• _Your task_
Below are some records: retype them all exactly, but not the pictures.

• _Data to use_
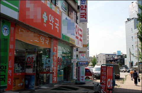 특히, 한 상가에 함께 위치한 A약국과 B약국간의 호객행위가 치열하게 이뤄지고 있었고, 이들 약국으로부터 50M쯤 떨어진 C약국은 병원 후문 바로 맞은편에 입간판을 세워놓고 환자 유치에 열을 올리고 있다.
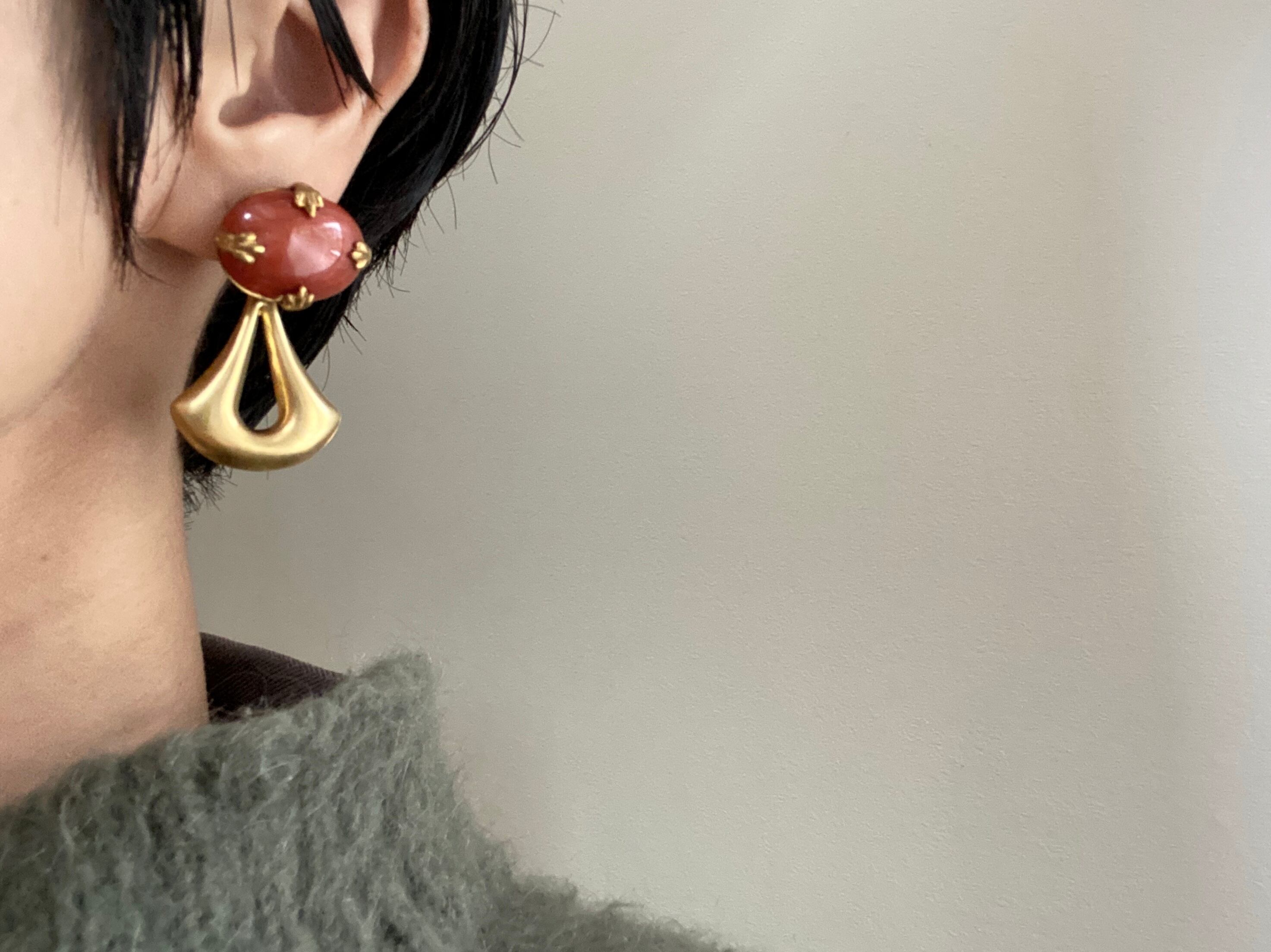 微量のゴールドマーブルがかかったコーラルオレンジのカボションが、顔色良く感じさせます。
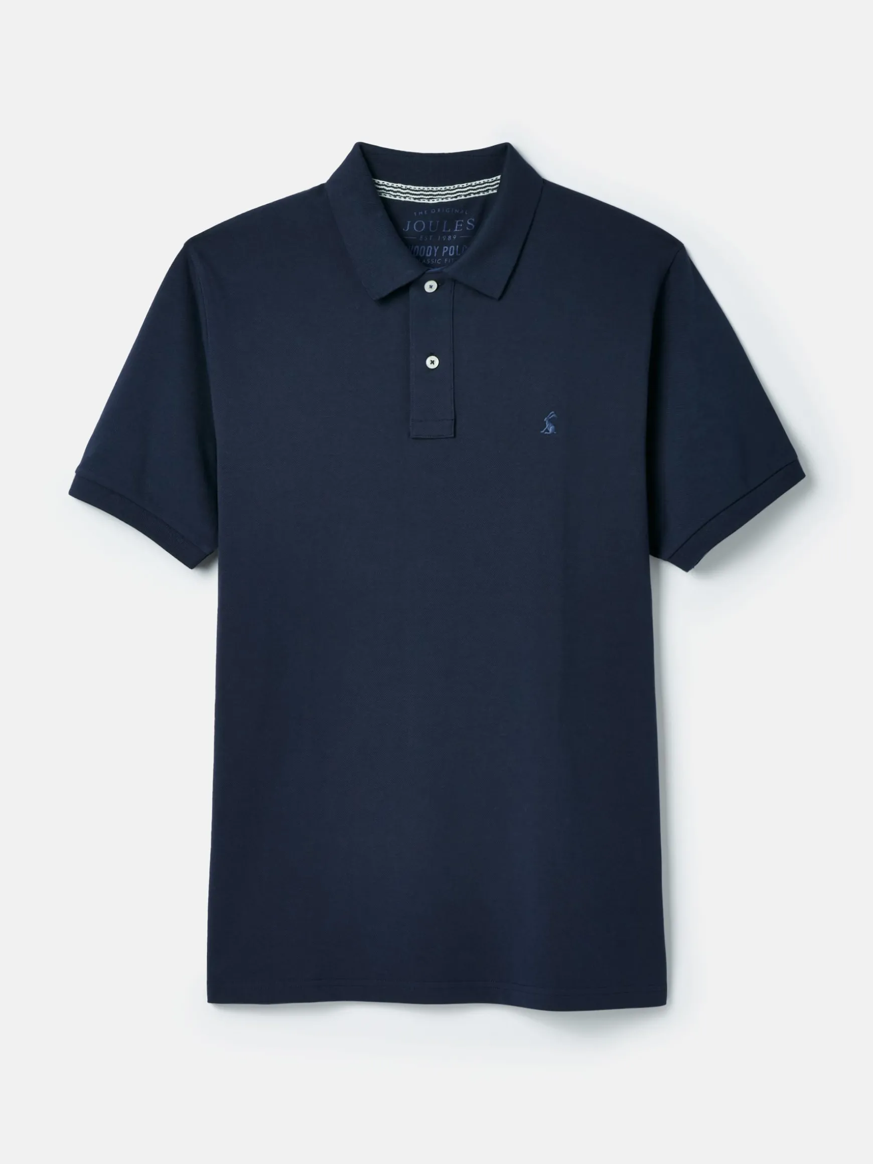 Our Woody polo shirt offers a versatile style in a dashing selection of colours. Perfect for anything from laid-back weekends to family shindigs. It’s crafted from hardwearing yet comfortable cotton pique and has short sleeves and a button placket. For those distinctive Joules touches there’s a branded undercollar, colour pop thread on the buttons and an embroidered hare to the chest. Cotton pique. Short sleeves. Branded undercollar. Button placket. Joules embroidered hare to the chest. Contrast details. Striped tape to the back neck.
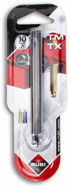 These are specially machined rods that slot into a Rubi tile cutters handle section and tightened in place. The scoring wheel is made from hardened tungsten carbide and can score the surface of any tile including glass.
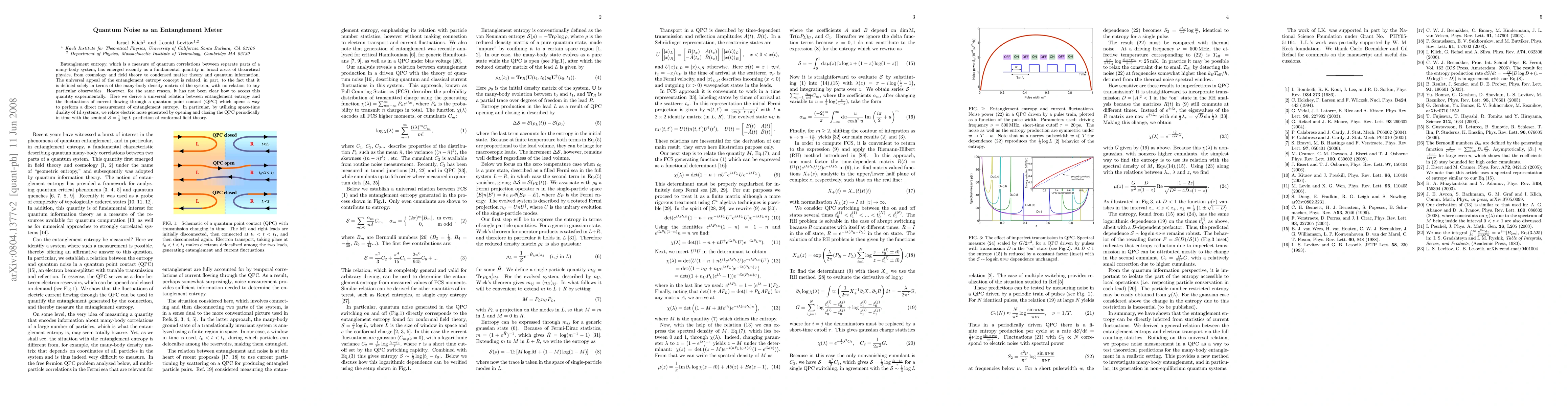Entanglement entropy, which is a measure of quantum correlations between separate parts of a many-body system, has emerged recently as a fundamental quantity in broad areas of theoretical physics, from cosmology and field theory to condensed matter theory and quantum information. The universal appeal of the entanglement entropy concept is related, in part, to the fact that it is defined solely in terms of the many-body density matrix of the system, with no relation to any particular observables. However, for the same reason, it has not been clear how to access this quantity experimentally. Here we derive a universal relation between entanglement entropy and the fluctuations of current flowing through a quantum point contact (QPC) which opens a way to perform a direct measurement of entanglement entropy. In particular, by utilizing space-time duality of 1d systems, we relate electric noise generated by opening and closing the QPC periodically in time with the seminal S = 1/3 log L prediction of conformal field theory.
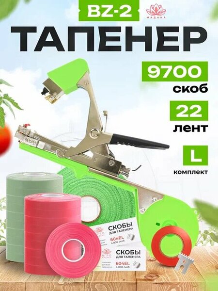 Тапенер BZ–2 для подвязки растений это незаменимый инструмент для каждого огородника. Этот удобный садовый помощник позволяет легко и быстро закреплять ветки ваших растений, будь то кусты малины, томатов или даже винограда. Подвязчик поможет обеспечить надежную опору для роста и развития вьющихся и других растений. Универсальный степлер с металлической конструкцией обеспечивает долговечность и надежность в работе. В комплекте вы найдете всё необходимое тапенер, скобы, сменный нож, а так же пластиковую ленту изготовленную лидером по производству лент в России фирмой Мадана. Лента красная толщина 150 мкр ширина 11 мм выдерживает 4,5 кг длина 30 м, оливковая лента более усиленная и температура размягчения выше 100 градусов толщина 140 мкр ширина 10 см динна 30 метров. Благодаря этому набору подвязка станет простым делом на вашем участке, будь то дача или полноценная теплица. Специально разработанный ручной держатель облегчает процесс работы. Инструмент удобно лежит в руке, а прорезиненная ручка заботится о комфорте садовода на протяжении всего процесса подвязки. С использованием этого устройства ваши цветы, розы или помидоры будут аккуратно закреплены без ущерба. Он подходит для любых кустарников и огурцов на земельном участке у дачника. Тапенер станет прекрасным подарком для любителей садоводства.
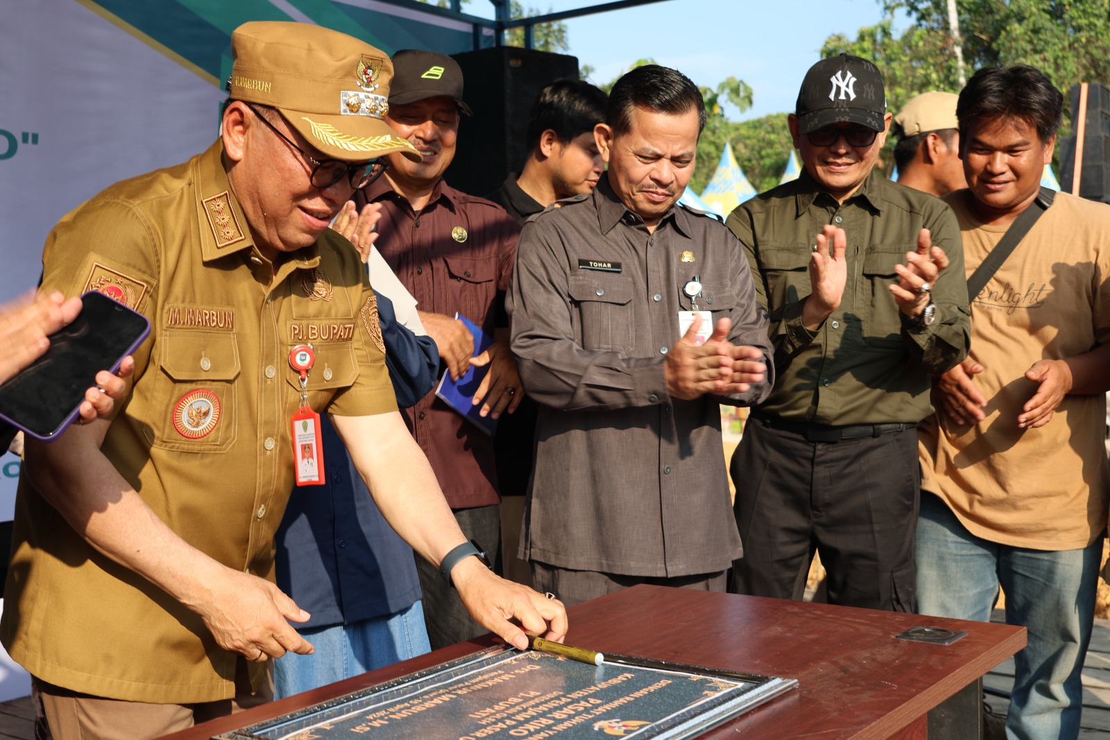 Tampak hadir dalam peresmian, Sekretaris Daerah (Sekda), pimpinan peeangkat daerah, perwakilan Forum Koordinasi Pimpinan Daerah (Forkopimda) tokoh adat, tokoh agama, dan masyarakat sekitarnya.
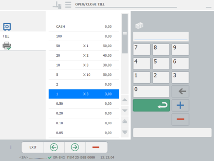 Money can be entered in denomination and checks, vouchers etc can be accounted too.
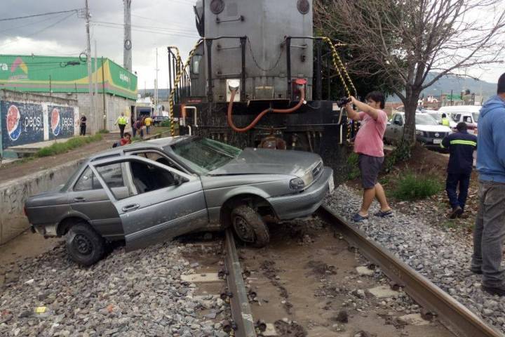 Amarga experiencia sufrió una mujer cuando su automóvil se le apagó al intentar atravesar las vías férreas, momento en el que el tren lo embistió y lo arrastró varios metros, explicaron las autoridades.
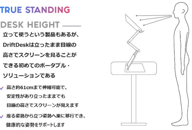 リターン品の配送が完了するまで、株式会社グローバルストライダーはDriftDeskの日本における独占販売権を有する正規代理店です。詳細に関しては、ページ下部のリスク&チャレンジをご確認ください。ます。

• _Exercise response_
 특히, 한 상가에 함께 위치한 A약국과 B약국간의 호객행위가 치열하게 이뤄지고 있었고, 이들 약국으로부터 50M쯤 떨어진 C약국은 병원 후문 바로 맞은편에 입간판을 세워놓고 환자 유치에 열을 올리고 있다.
 微量のゴールドマーブルがかかったコーラルオレンジのカボションが、顔色良く感じさせます。
 Our Woody polo shirt offers a versatile style in a dashing selection of colours. Perfect for anything from laid-back weekends to family shindigs. It’s crafted from hardwearing yet comfortable cotton pique and has short sleeves and a button placket. For those distinctive Joules touches there’s a branded undercollar, colour pop thread on the buttons and an embroidered hare to the chest. Cotton pique. Short sleeves. Branded undercollar. Button placket. Joules embroidered hare to the chest. Contrast details. Striped tape to the back neck.
 These are specially machined rods that slot into a Rubi tile cutters handle section and tightened in place. The scoring wheel is made from hardened tungsten carbide and can score the surface of any tile including glass.
Entanglement entropy, which is a measure of quantum correlations between separate parts of a many-body system, has emerged recently as a fundamental quantity in broad areas of theoretical physics, from cosmology and field theory to condensed matter theory and quantum information. The universal appeal of the entanglement entropy concept is related, in part, to the fact that it is defined solely in terms of the many-body density matrix of the system, with no relation to any particular observables. However, for the same reason, it has not been clear how to access this quantity experimentally. Here we derive a universal relation between entanglement entropy and the fluctuations of current flowing through a quantum point contact (QPC) which opens a way to perform a direct measurement of entanglement entropy. In particular, by utilizing space-time duality of 1d systems, we relate electric noise generated by opening and closing the QPC periodically in time with the seminal S = 1/3 log L prediction of conformal field theory.
 Тапенер BZ–2 для подвязки растений это незаменимый инструмент для каждого огородника. Этот удобный садовый помощник позволяет легко и быстро закреплять ветки ваших растений, будь то кусты малины, томатов или даже винограда. Подвязчик поможет обеспечить надежную опору для роста и развития вьющихся и других растений. Универсальный степлер с металлической конструкцией обеспечивает долговечность и надежность в работе. В комплекте вы найдете всё необходимое тапенер, скобы, сменный нож, а так же пластиковую ленту изготовленную лидером по производству лент в России фирмой Мадана. Лента красная толщина 150 мкр ширина 11 мм выдерживает 4,5 кг длина 30 м, оливковая лента более усиленная и температура размягчения выше 100 градусов толщина 140 мкр ширина 10 см динна 30 метров. Благодаря этому набору подвязка станет простым делом на вашем участке, будь то дача или полноценная теплица. Специально разработанный ручной держатель облегчает процесс работы. Инструмент удобно лежит в руке, а прорезиненная ручка заботится о комфорте садовода на протяжении всего процесса подвязки. С использованием этого устройства ваши цветы, розы или помидоры будут аккуратно закреплены без ущерба. Он подходит для любых кустарников и огурцов на земельном участке у дачника. Тапенер станет прекрасным подарком для любителей садоводства.
 Tampak hadir dalam peresmian, Sekretaris Daerah (Sekda), pimpinan peeangkat daerah, perwakilan Forum Koordinasi Pimpinan Daerah (Forkopimda) tokoh adat, tokoh agama, dan masyarakat sekitarnya.
 Money can be entered in denomination and checks, vouchers etc can be accounted too.
 Amarga experiencia sufrió una mujer cuando su automóvil se le apagó al intentar atravesar las vías férreas, momento en el que el tren lo embistió y lo arrastró varios metros, explicaron las autoridades.
 リターン品の配送が完了するまで、株式会社グローバルストライダーはDriftDeskの日本における独占販売権を有する正規代理店です。詳細に関しては、ページ下部のリスク&チャレンジをご確認ください。ます。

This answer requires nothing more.